Now that Syria’s chemical weapons use and its aftermath have been plastered in the frontage of every news media outlet, the Egyptian coup..errhm i mean, crisis, has taken a back seat in the list of pressing issue . The revolution started out with a positive cause of deposing a ruthless dictator who had nearly untethered control for 30 years with foreign support, but what is happening now looks similar to the Mubarak regime under the guise of provisional “military led government.” The Military has control over the airwaves. The news organizations that are not approved by the military are widely cracked down and its journalists jailed.
All of this to the average American citizen is irrelevant or at best tragic, what everyone should be considered about is the aid that the US sends in billions of dollars to Egypt. The United States cannot legally send aid to a foreign government that had a coup.

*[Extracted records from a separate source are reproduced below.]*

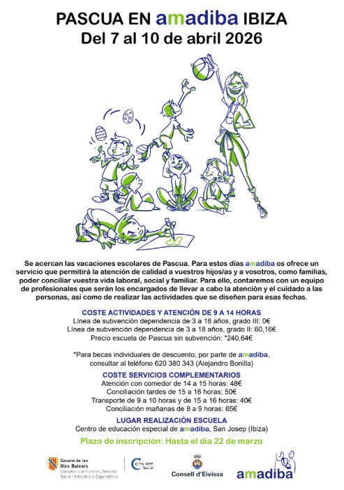 Escuelas en Pascua Escuelas en Vacaciones Pascua 2026, Amadiba Ibiza 16 de marzo de 202616 de marzo de 2026 Ibiza Fun Family 0 comentarios Pascua 2026, Amadiba Ibiza Amadiba abre este año 2026 su escuela en Pascua con una atención de calidad ayudando a la conciliación familiar con personal cualificado. Dirigido a niños y niñas de 3 a 18 años en horario de 9 a 14h con posibilidad de Matinera desde las 8h y Tardana hasta las 16h. Se llevará a cabo en el Centro de Educación Especial de amadiba ubicado en Sant Josep (Ibiza) Plazo de inscripciones hasta el 22 de Marzo. Consulta los costes de la actividad según su grado de dependencia y becas individuales. Más información y reservas en su web Ir a inscripciones
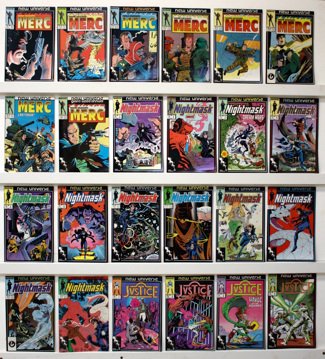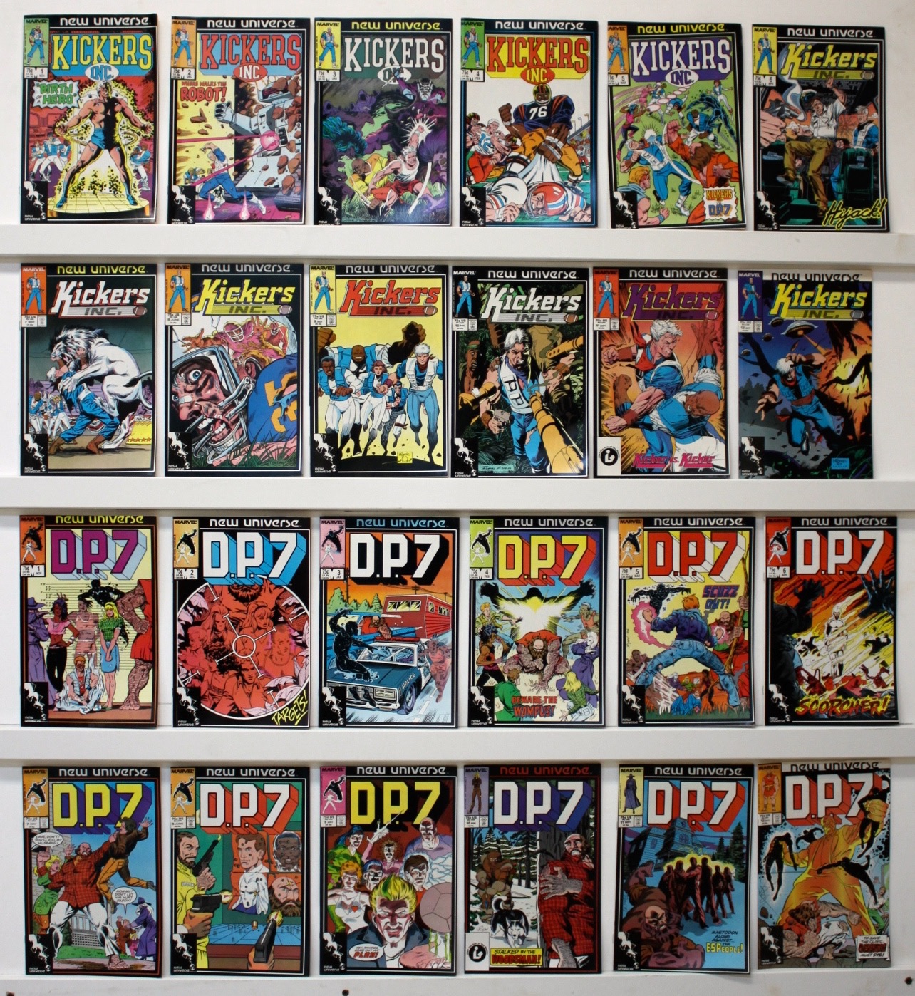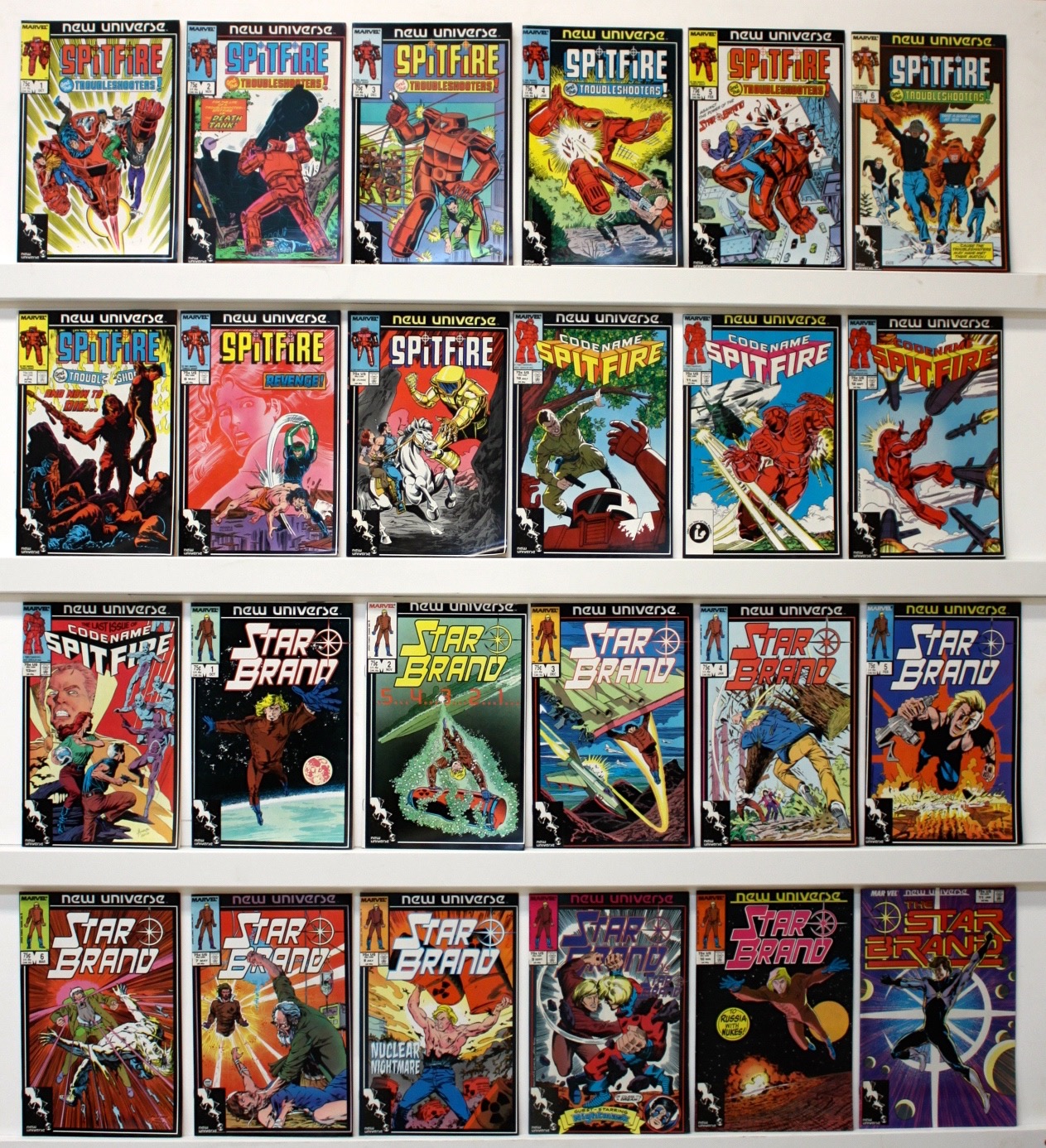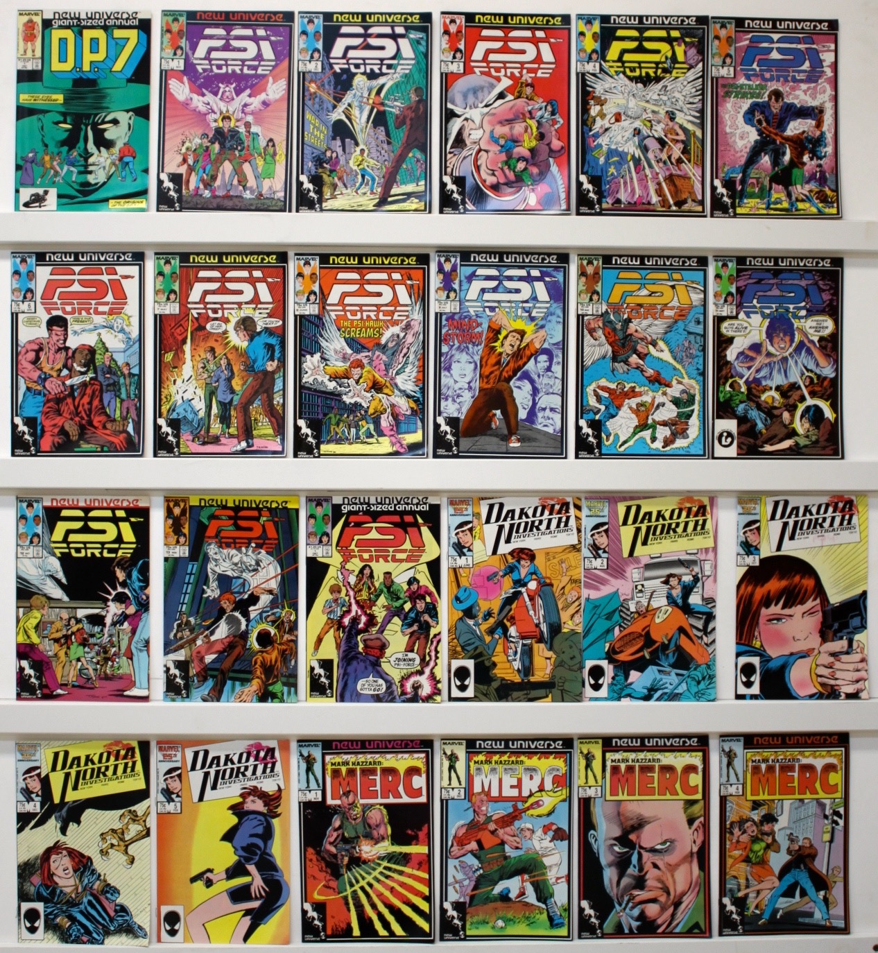 Lot of 105 comics. The books are VF or better There may be a few of lower grade but many more are better. Issue #’s: Spitfire 1-13, Star Brand 1-11, Kickers 1-12, D.P.7. 1-12 & Giant Sized Annual #1, PSI Force 1-13, & Giant Sized Annual #1, Dakota North Investigators 1-5, Mark Hazzard:MERC 1-4, 6-12 & Giant Sized Annual #1, Night Mask 1-12, Jvstice 1-13. See photos
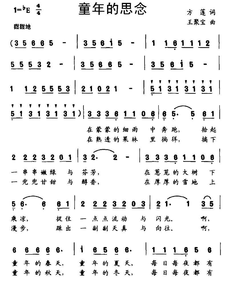 - [歌谱] 童年的思念
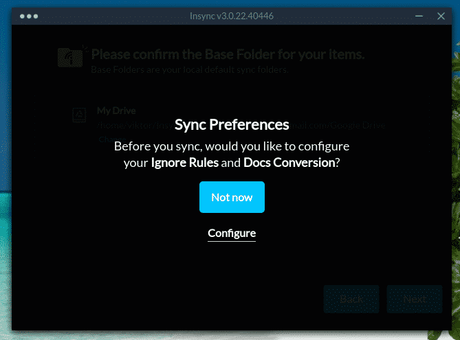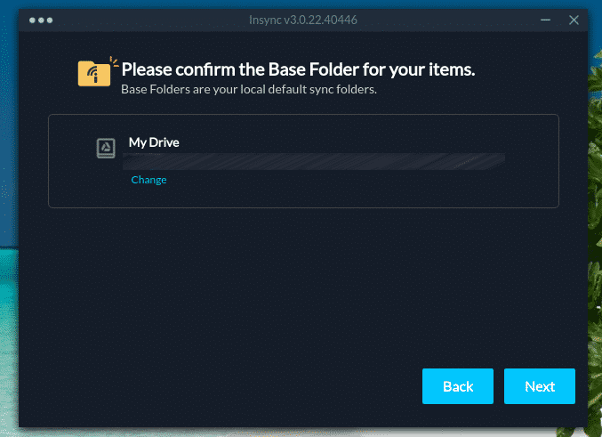 Once the installation is complete, manually delete the “~/Insync” folder.
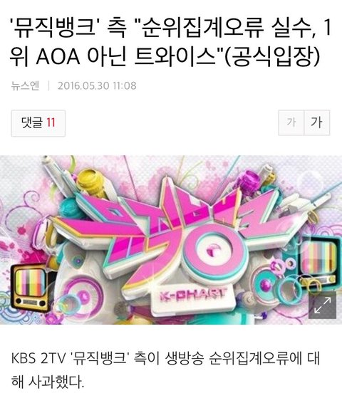 Music Bank side recognized that there was a mistake in their numbers, so Twice should've won #1, not AOA
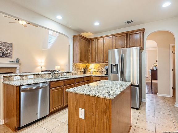 First showing Sunday, 10/12 at Noon! Welcome to your immaculately maintained retreat in the highly desired Fossil Springs neighborhood! This stunning property offers exceptional curb appeal with its timeless, four-sided stone and brick exterior, setting the stage for the quality found inside. Located on a private cul-de-sac lot, it offers a sense of exclusive privacy. The ultimate feature is the backyard's coveted positioning, which backs directly to the expansive acreage of Pedrotti's North Wind Ranch. Enjoy the serene privacy and Texas Hill Country ambiance from your backyard oasis, which features a charming deck and patio, creating the perfect setting for entertaining. The gourmet kitchen is a chef's delight, boasting sleek Corian countertops, gorgeous cherry 42" cabinetry, and essential gas cooking. A spacious formal dining room provides an elegant space for hosting dinner parties, or it can easily function as a dedicated home office. The flexible floor plan includes a convenient downstairs primary bedroom and full bath, offering a perfect private retreat. Upstairs, a large game room/loft is ideal for entertaining or relaxing. Inside, cozy up to the fireplace for a warm ambiance on chilly nights. Enjoy peace of mind with modern amenities, including a sprinkler system, security system, and a water softener. This meticulously maintained home in an incredible location is truly ready for its next owner!
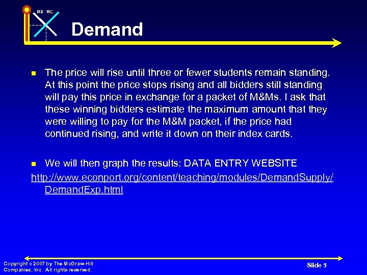 MB MC Demand n The auction begins with every student standing, so please stand up now. I am writing on the board the starting price for the auction, which will be $0. I will then begin to increase the price. By remaining standing, you are indicating that you would be willing to buy a packet of M&Ms at the price most recently announced. If at any point in the auction, the announced price rises above the maximum price at which you are willing to buy a packet, you should sit down. n When you sit down, please write on your index card the price that came before the announced price that caused you to sit down. In other words, write down the price that was either equal to or less than the maximum price that you were willing to pay for the M&M packet. You do not write anything else on the card. Copyright c 2007 by The Mc. Graw-Hill Companies, Inc. All rights reserved. Slide 4

So even though the US has “suspended” aid until further “revision.” The State Departments official stance towards this is to not change course citing that it doesn’t have to “make a formal determination.”
This is what is most troubling over all, an official policy to ignore a mandate for provisional aid. But even more comical is the visit by Sen. Michelle Bachmann and Lindsey Graham to Egypt where Bachmann infamously uttered the following sentence “We’ve seen the threat that the Muslim Brotherhood has posed around the world,” she said Saturday. “We stand against this great evil. We are not for them. We remember who caused 9/11 in America. We remember who it was that killed 3,000 brave Americans. We have not forgotten. We know that you have dealt with that enemy as well.”
Despite the idiocy, revisionist history and short term memory of a tragic event, what is most troubling is that a representative of the US government uncritically supporting a undemocratic government crackdown on pro-democracy groups and using 9/11 as a moral and false equivalent to justify it.
The next steps taken by the US have to be considered carefully since it’s questionable financial support of a government appears to be a dictatorship in its infancy stage is already ill advised and hypocritical of its extolled value placed on “democracy.”
With all the events happening in the Middle East, I believe it is important to discuss and have clear the involvement of the United States with those countries. As you mention in your post, the financial support given to Egypt is so enormous that it should be carefully revised. Those same resources could be used for American citizens.
The truth is that Americans aren’t even exposed to this the information as they are exposed to other things. That is why we have little comments on what’s going on, or we just choose what most Americans say just because the heard it on CNN or Fox News. News channels deliver the news a certain type of way so that you can agree with what they are saying. They might advertise car bombing and riots and then talk about Egyptians and Syrians parallel so that you think you are drawing your own ideas when you are not. News channels persuade and influence you to think a certain way without you even knowing it.